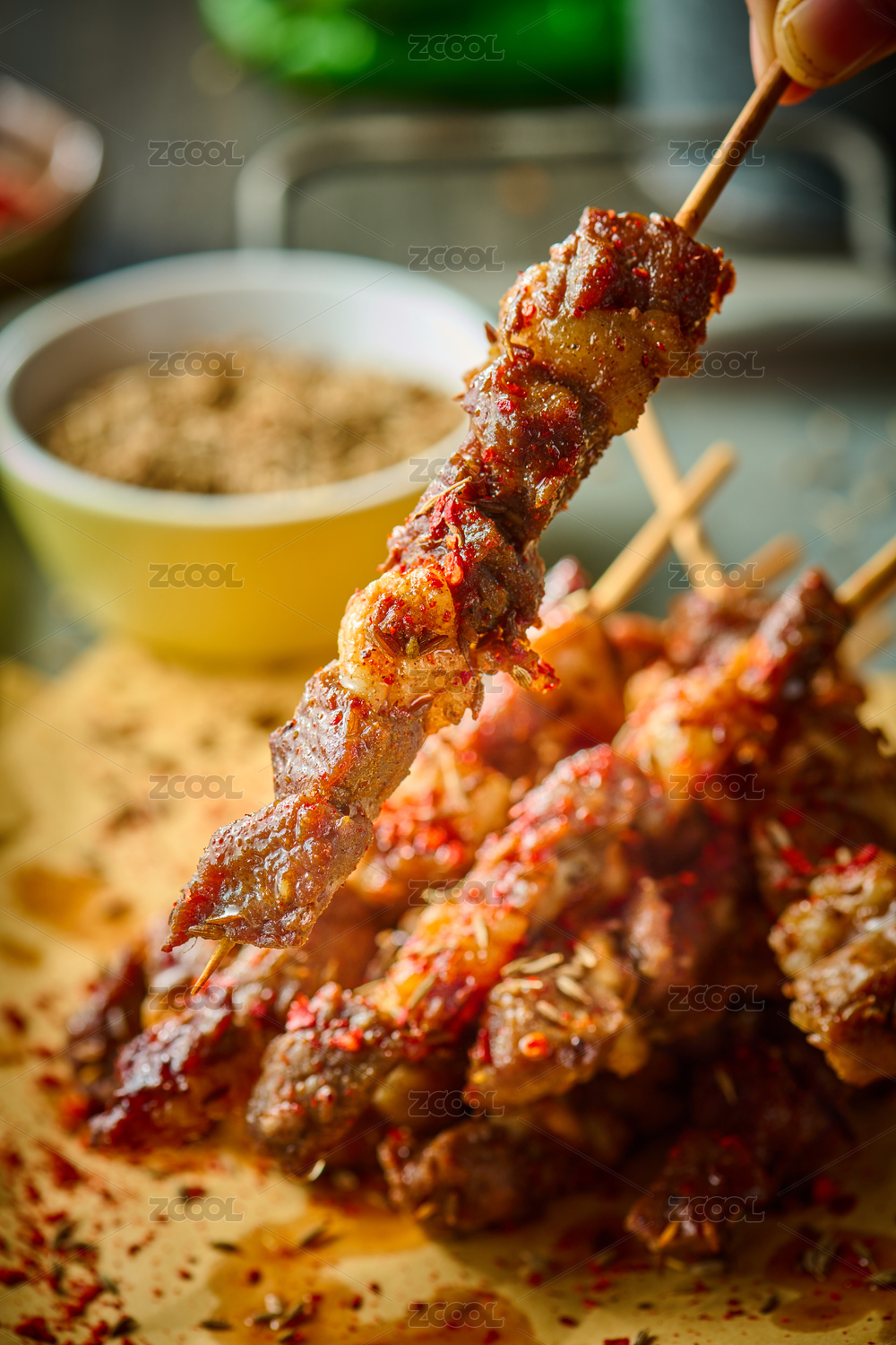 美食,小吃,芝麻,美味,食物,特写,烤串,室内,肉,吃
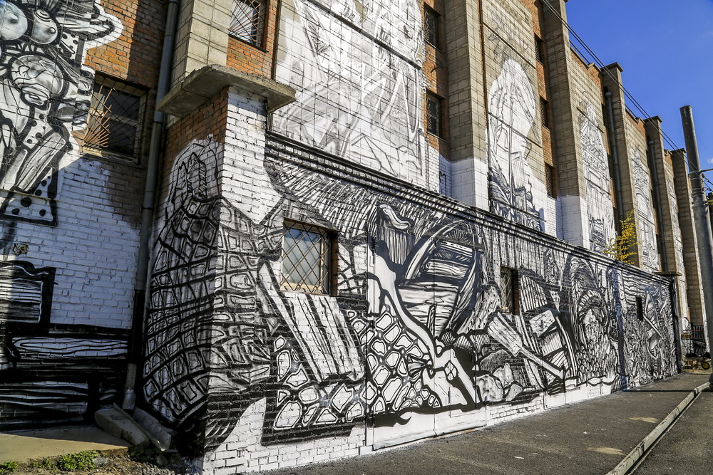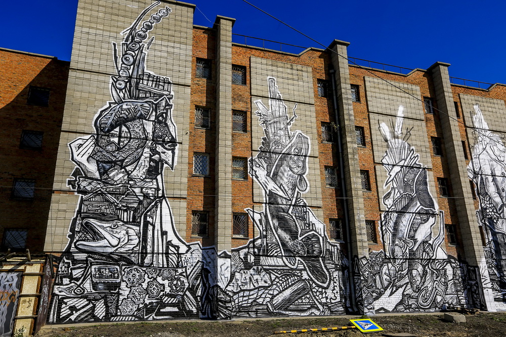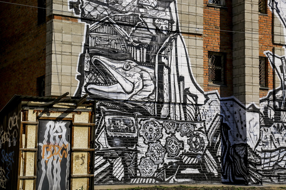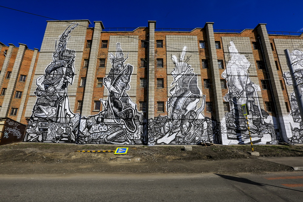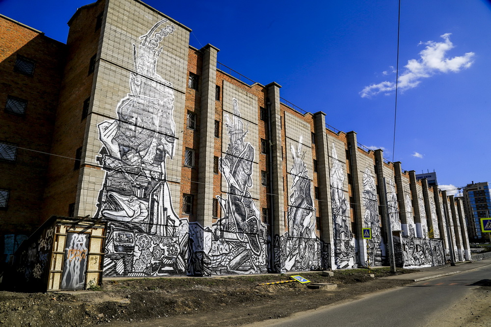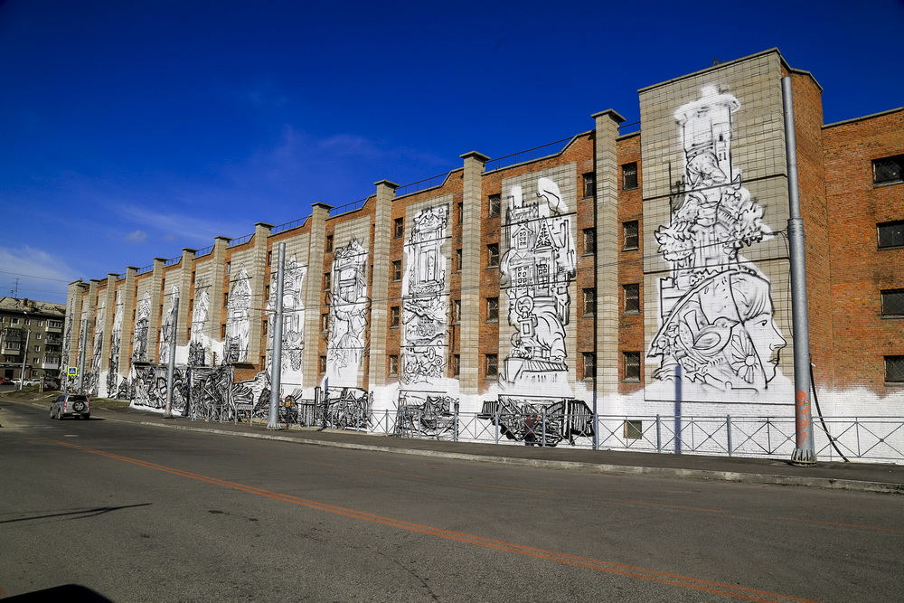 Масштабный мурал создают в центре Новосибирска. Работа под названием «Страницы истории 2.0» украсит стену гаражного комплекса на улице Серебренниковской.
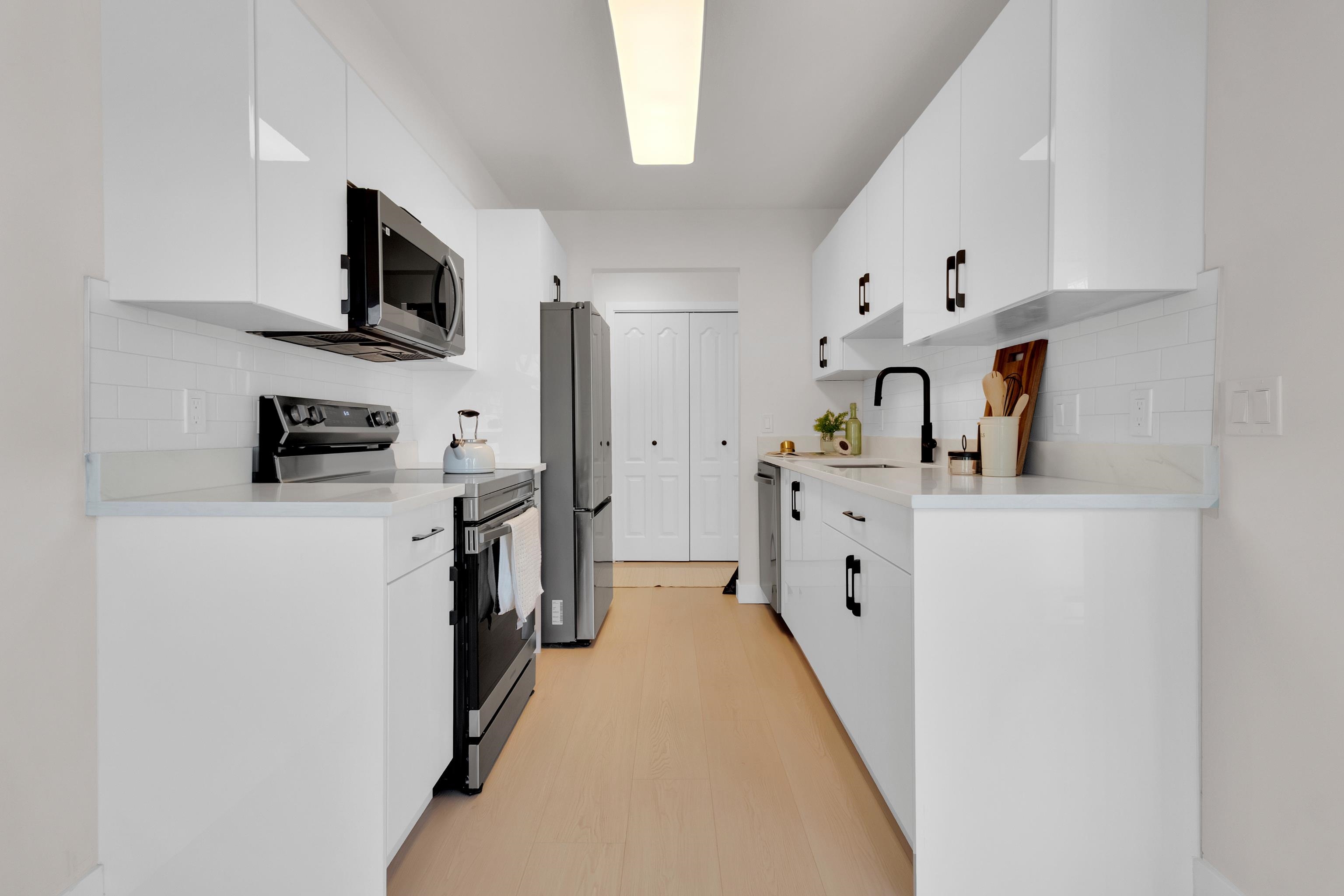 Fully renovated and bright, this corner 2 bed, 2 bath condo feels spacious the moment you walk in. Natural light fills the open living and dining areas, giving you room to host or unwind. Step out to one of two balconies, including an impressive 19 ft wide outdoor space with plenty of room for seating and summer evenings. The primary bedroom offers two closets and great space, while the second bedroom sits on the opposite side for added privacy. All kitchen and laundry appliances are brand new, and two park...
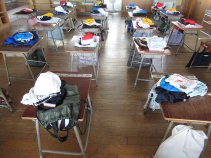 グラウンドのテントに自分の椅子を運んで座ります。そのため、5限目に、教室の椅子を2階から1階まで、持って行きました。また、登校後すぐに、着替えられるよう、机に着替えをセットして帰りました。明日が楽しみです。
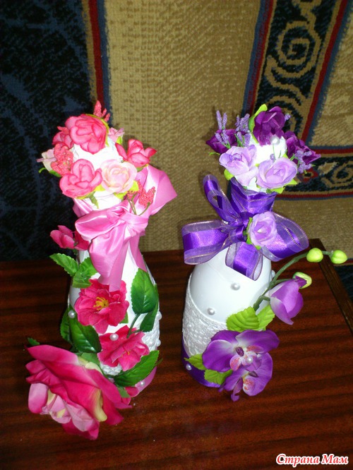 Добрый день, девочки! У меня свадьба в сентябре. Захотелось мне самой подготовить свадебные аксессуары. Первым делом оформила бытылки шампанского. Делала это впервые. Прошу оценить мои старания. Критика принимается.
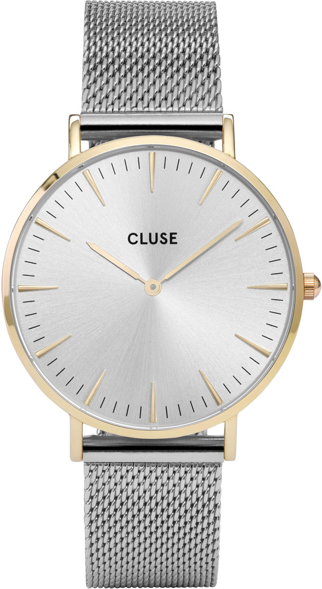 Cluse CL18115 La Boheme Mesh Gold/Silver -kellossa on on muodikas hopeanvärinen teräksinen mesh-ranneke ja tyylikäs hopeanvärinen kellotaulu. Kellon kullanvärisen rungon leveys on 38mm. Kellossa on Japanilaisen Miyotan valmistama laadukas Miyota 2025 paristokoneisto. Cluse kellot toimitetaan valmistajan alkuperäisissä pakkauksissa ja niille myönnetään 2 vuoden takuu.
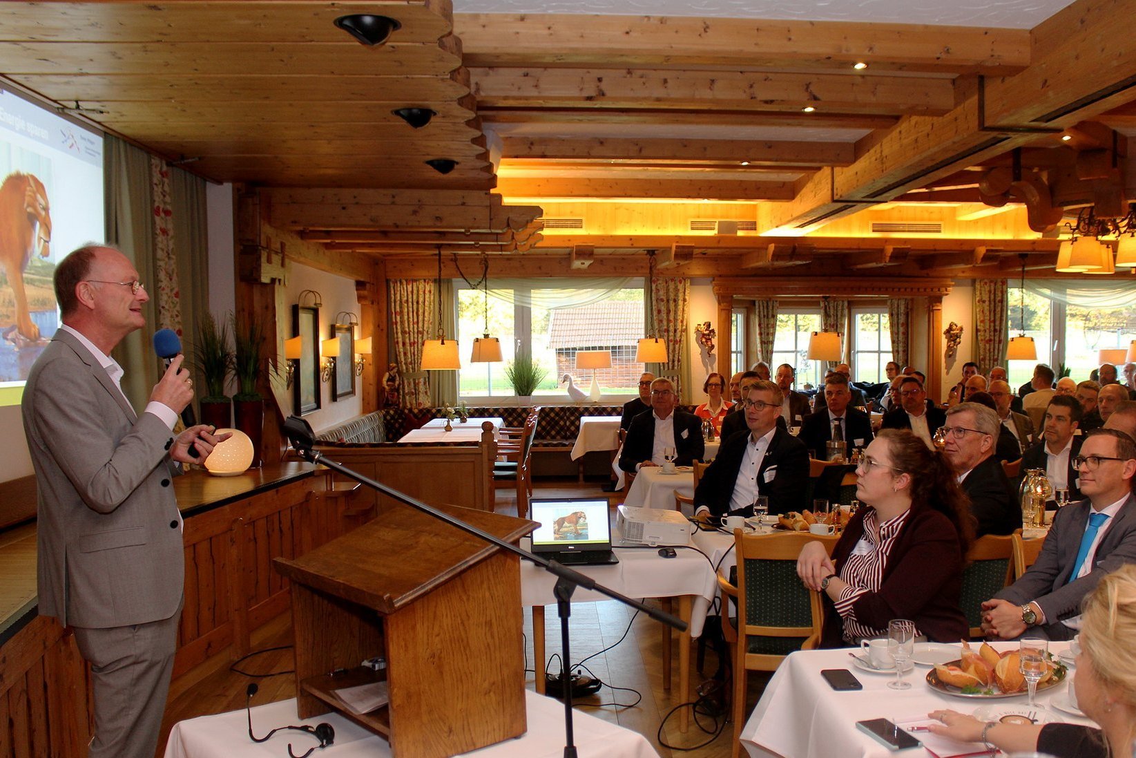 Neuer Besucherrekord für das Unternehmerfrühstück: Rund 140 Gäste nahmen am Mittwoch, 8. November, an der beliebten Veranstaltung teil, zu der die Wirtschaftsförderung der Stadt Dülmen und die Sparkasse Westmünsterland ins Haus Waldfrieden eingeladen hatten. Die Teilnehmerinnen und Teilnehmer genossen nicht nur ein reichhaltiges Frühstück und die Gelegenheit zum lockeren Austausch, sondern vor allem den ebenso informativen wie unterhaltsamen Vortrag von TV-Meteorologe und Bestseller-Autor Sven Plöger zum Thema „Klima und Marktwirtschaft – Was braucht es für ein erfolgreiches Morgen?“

### Work order
Take the lines from the start of the listing above through the line with "Масштабный мурал создают", both ends included, and copy them exactly, leaving the pictures behind.

### Answer to this problem
 美食,小吃,芝麻,美味,食物,特写,烤串,室内,肉,吃
 Масштабный мурал создают в центре Новосибирска. Работа под названием «Страницы истории 2.0» украсит стену гаражного комплекса на улице Серебренниковской.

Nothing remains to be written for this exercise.